Given information |
++++++++++++++++++++
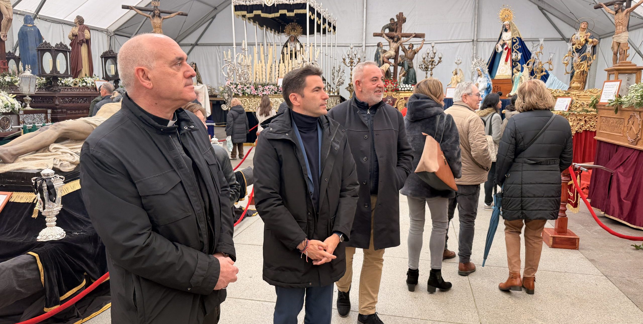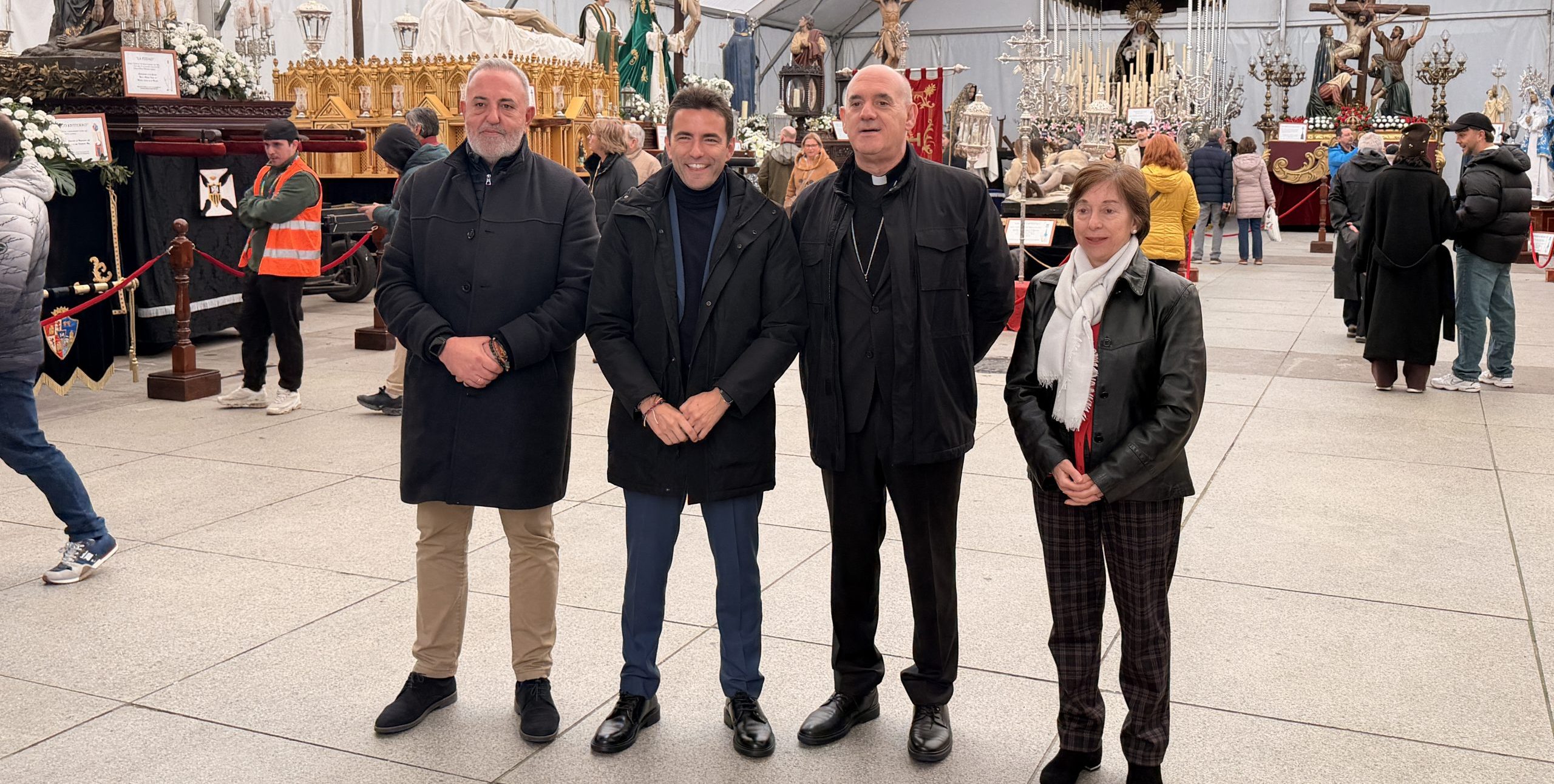 Este mediodía, el Obispo diocesano, monseñor Arturo Ros, ha acompañado al Delegado del Gobierno en Cantabria, Pedro Casares, en su visita a la carpa de exposición de pasos de Semana Santa, ubicada en la plaza Porticada de Santander. Junto a Jordi Rivero, presidente de la Junta de Cofradías Penitenciales de Santander, y acompañados por su vicepresidenta, María Jesús Sisniega, han recorrido la exposición y contemplado la belleza de los pasos que estos días saldrán engalanados a las calles de la capital.
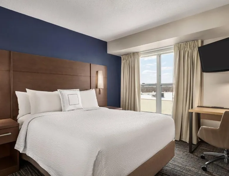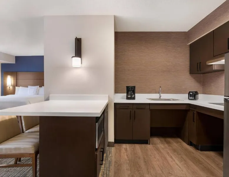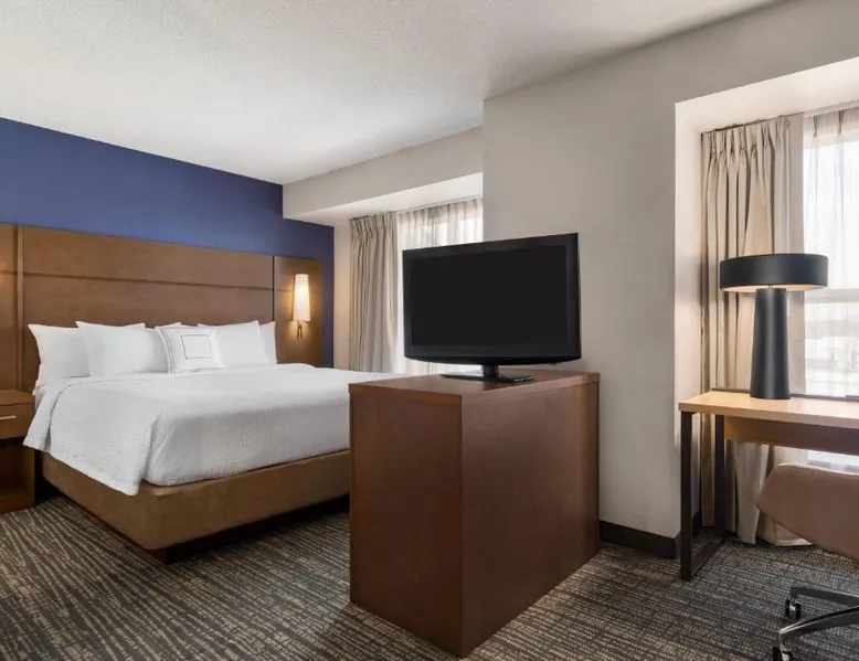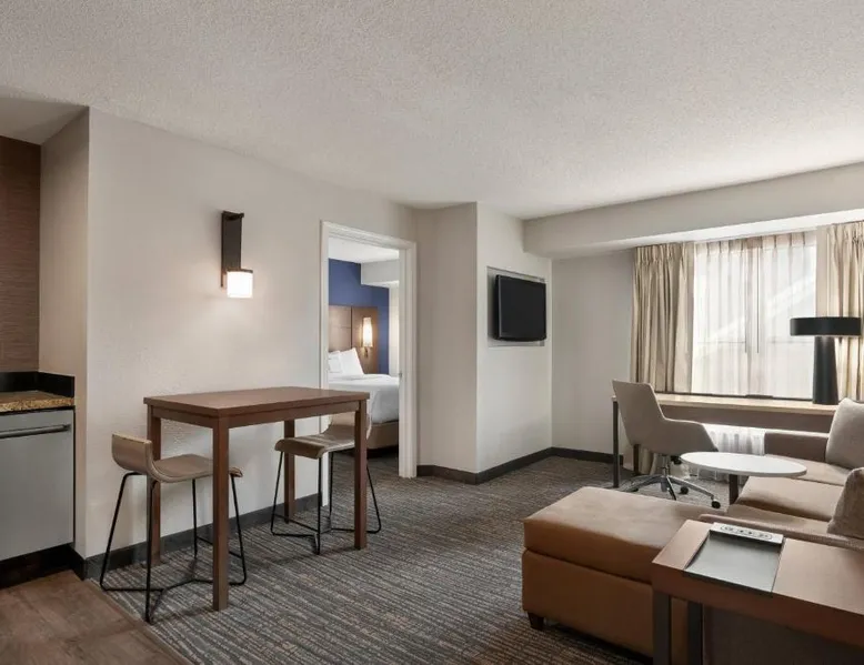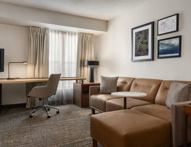 Comfortable Accommodations: Residence Inn Deptford in Deptford offers family rooms with private bathrooms, air-conditioning, and free WiFi. Each room includes a kitchen, work desk, and seating area. Facilities and Services: Guests can enjoy a fitness center, free bicycles, and a business area. Additional amenities include a elevator, 24-hour front desk, housekeeping, and full-day security. Dining and Breakfast: A complimentary American buffet breakfast is served daily. Streaming services and a fireplace enhance the stay. Location and Attractions: Located 13 mi from Philadelphia International Airport, the hotel is near Citizens Bank Park (8.7 mi) and the Philadelphia Museum of Art (12 mi). Guests appreciate the friendly staff and convenient location. This room has a seating area.
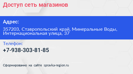 Доступ, сеть магазинов по адресу 357203, Ставропольский край, Минеральные Воды, Интернациональная улица, 37 в дальнейшем Организация, размещена в следующих категориях:
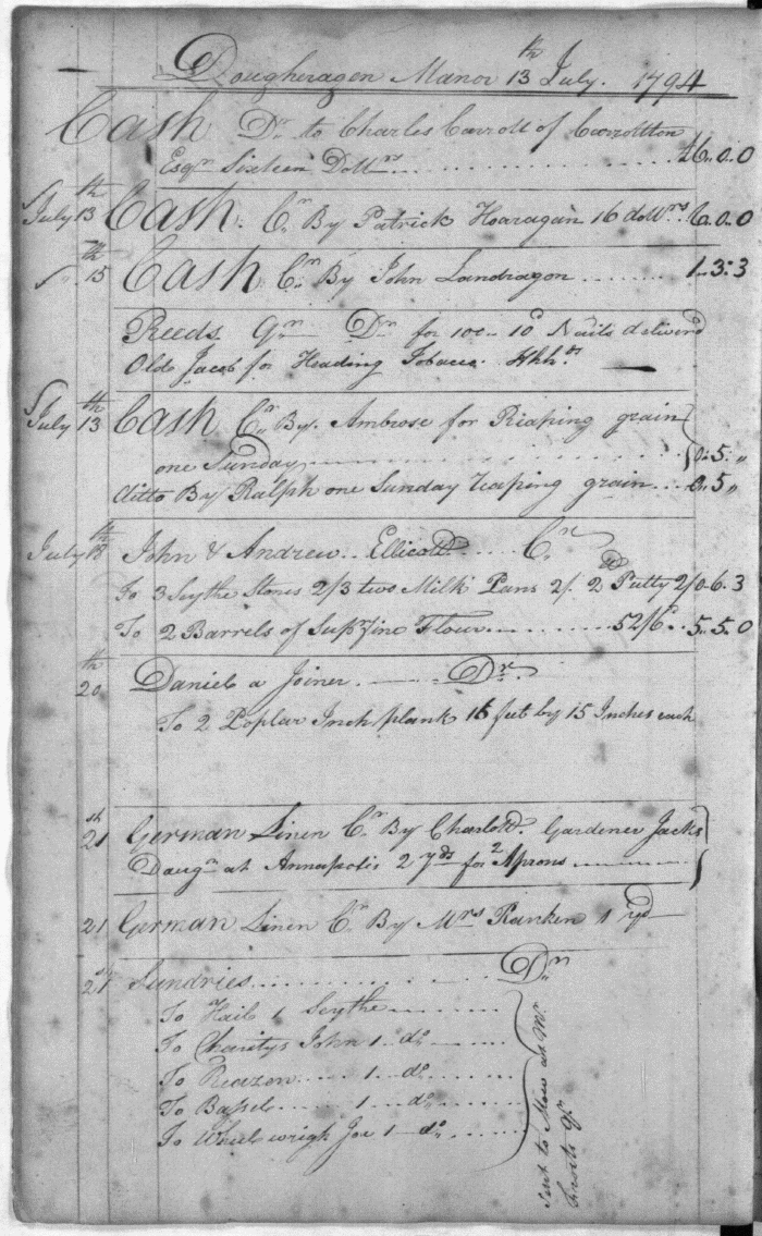 Carroll family account books for Doughoregan Manor, 1794-1803 HCHS RA 27&28/MSA SC 5465 ra27-0015 Enlarge and print image (906K) << PREVIOUS NEXT >> |
++++++++++++++++++++
Set down all the material exactly once more. No pictures.

 Este mediodía, el Obispo diocesano, monseñor Arturo Ros, ha acompañado al Delegado del Gobierno en Cantabria, Pedro Casares, en su visita a la carpa de exposición de pasos de Semana Santa, ubicada en la plaza Porticada de Santander. Junto a Jordi Rivero, presidente de la Junta de Cofradías Penitenciales de Santander, y acompañados por su vicepresidenta, María Jesús Sisniega, han recorrido la exposición y contemplado la belleza de los pasos que estos días saldrán engalanados a las calles de la capital.
 Comfortable Accommodations: Residence Inn Deptford in Deptford offers family rooms with private bathrooms, air-conditioning, and free WiFi. Each room includes a kitchen, work desk, and seating area. Facilities and Services: Guests can enjoy a fitness center, free bicycles, and a business area. Additional amenities include a elevator, 24-hour front desk, housekeeping, and full-day security. Dining and Breakfast: A complimentary American buffet breakfast is served daily. Streaming services and a fireplace enhance the stay. Location and Attractions: Located 13 mi from Philadelphia International Airport, the hotel is near Citizens Bank Park (8.7 mi) and the Philadelphia Museum of Art (12 mi). Guests appreciate the friendly staff and convenient location. This room has a seating area.
 Доступ, сеть магазинов по адресу 357203, Ставропольский край, Минеральные Воды, Интернациональная улица, 37 в дальнейшем Организация, размещена в следующих категориях:
 Carroll family account books for Doughoregan Manor, 1794-1803 HCHS RA 27&28/MSA SC 5465 ra27-0015 Enlarge and print image (906K) << PREVIOUS NEXT >> |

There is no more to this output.